The Company has accrued a liability for estimated workers compensation claims incurred. The liability for other benefits to former or inactive employees after employment but before retirement is not material.
EARNINGS PER SHARE -
Basic earnings per share is based on the weighted-average number of common shares outstanding during the period. Diluted earnings per share includes the dilutive effect of stock options and restricted stock.
EMPLOYEE STOCK-BASED AWARDS -
Employee stock-based awards are accounted for under Accounting Principles Board Opinion No. 25, "Accounting for Stock Issued to Employees" and related information. Fixed plan common stock options do not result in compensation expense, because the exercise price of the stock equals the market price of the underlying stock on the date of grant.
TREASURY STOCK -
Treasury stock purchases are accounted for under the cost method whereby the entire cost of the acquired stock is recorded as treasury stock. Gains and losses on the subsequent reissuance of shares are credited or charged to additional paid-in-capital using the average-cost method.

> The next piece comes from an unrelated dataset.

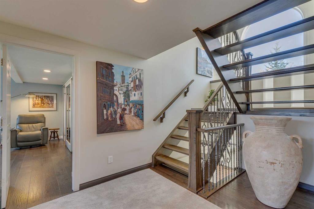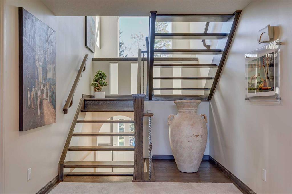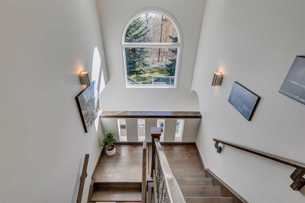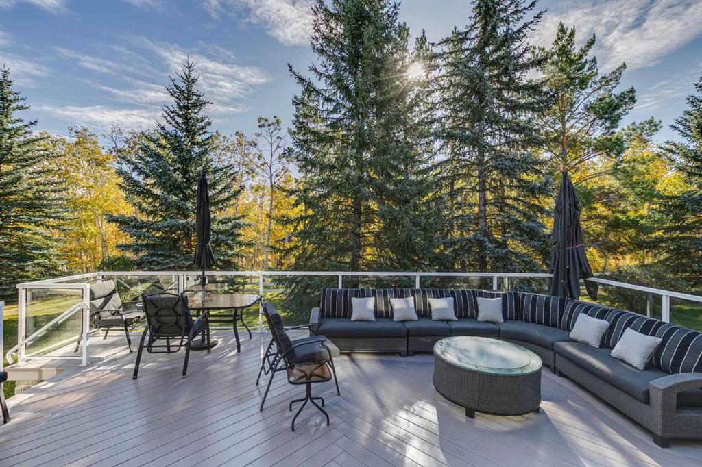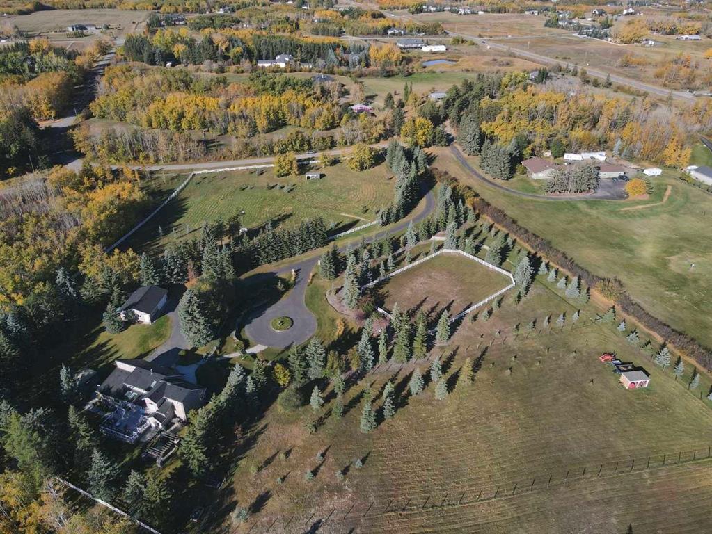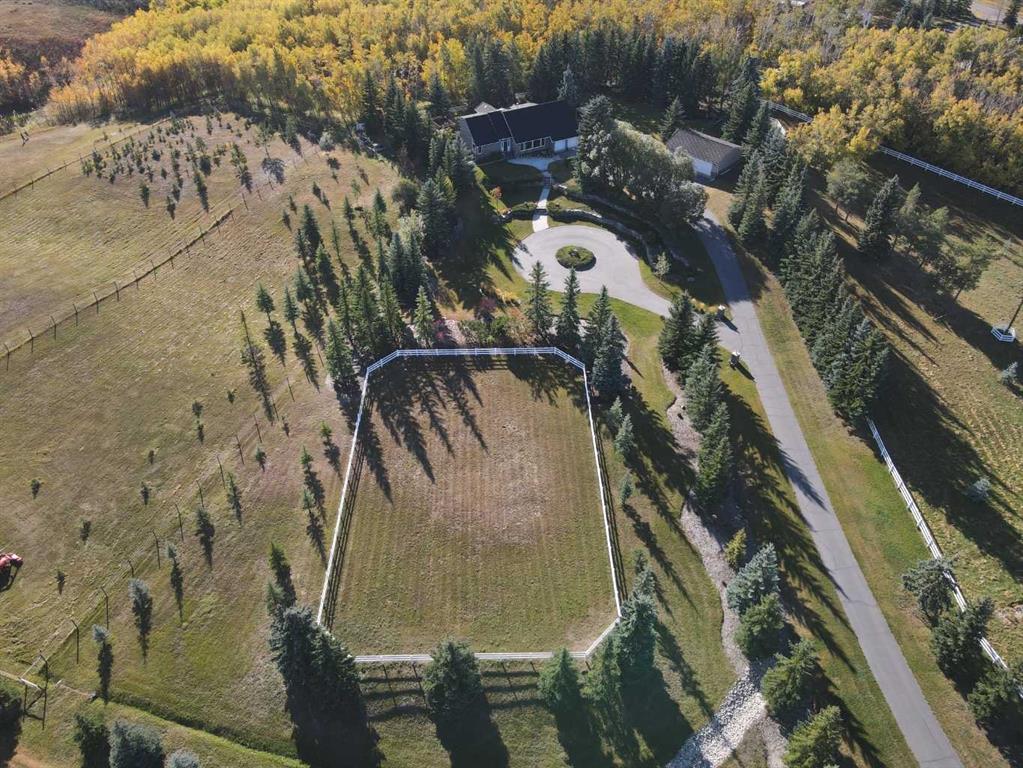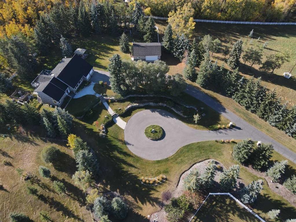 This storybook De Winton acreage welcomes you with a gated entrance and a picturesque tree-lined winding paved drive that hints at the beauty and care woven into every corner of the property. Sunlit paddock areas, mature trees, and thoughtfully designed landscaping with tiered rock hardscaping, create an estate-like first impression, complemented by an impressive circular driveway, extensive stonework, and a nearby workshop that adds both function and charm. Inside, the home blends warmth, character, and meaningful updates. A soaring foyer with a grand chandelier opens to curved archways, an open-riser staircase, and a living room anchored by a striking picture window overlooking the front grounds. The extensively renovated kitchen features granite counters, skylights, a central island, focal 2 sided fireplace and rich architectural details, while the dining room offers its own inviting atmosphere with views of the treed backyard. The main-floor primary suite provides a serene retreat with a beautifully updated ensuite and walk-in closet. Upstairs, two additional bedrooms add flexibility, one offering a whimsical peek into the living room below. The backyard is a true extension of the home’s storybook charm. An expansive composite deck overlooks the forested yard, a professionally handcrafted treehouse, and a gazebo-style hot tub area — all just steps from the network of extensive nature trails that wind through the property. These paths lead to hidden viewpoints at rolling hilltop peaks, wildlife, and a tranquil pond framed by trees and the distant backdrop of the Carnmoney Golf Club. Additional paddocks and well-placed shelters complete the acreage, naturally lending themselves to the vision of horses grazing across the landscape. Meticulously & lovingly maintained, thoughtfully updated, and surrounded by extraordinary natural beauty, this exceptional property offers a rare blend of rural tranquility and refined living just minutes from the city — a place where every detail contributes to a lifestyle that feels both magical and deeply grounded. This is the quintessential country residential dream! ***PLEASE be sure to view the flip-book brochure and video***

CAPITALIZATION OF INTEREST -
The Company capitalizes interest on major projects during construction. Interest is capitalized on borrowed funds, with the rate based on the average interest rate on related debt. Capitalized interest for 2001, 2000, and 1999 was $1.3 million, $0.4 million, and $0.1 million, respectively.

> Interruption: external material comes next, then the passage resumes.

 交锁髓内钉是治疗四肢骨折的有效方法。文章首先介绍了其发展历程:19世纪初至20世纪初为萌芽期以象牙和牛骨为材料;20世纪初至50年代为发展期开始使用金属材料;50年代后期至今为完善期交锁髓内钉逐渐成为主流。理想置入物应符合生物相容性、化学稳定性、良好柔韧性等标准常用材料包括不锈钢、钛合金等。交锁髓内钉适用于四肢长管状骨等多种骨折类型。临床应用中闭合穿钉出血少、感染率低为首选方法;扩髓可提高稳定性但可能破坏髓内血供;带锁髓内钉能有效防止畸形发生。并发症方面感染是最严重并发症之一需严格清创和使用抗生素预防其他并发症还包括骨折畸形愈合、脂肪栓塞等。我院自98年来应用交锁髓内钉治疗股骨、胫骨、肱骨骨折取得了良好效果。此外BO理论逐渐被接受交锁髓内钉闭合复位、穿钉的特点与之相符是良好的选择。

INTEREST RATE RISK MANAGEMENT -
The Company uses derivatives as part of an overall operating strategy to moderate certain financial market risks and is exposed to interest rate risk from long-term debt. To manage this risk, in October 1998, the Company entered into an interest rate swap to exchange floating rate for fixed rate interest payments through October 2003, the remaining life of the debt. The difference to be paid or received is accrued and recognized as an adjustment of interest expense. As of September 30, 2001, the Company's interest rate swap had a notional principal amount of $50 million.
The Company's accounting policy for these instruments is based on its designation of such instruments as hedging transactions. An instrument is designated as a hedge based in part on its effectiveness in risk reduction and one-to-one matching of derivative instruments to underlying transactions. The Company records all derivatives on the balance sheet at fair value.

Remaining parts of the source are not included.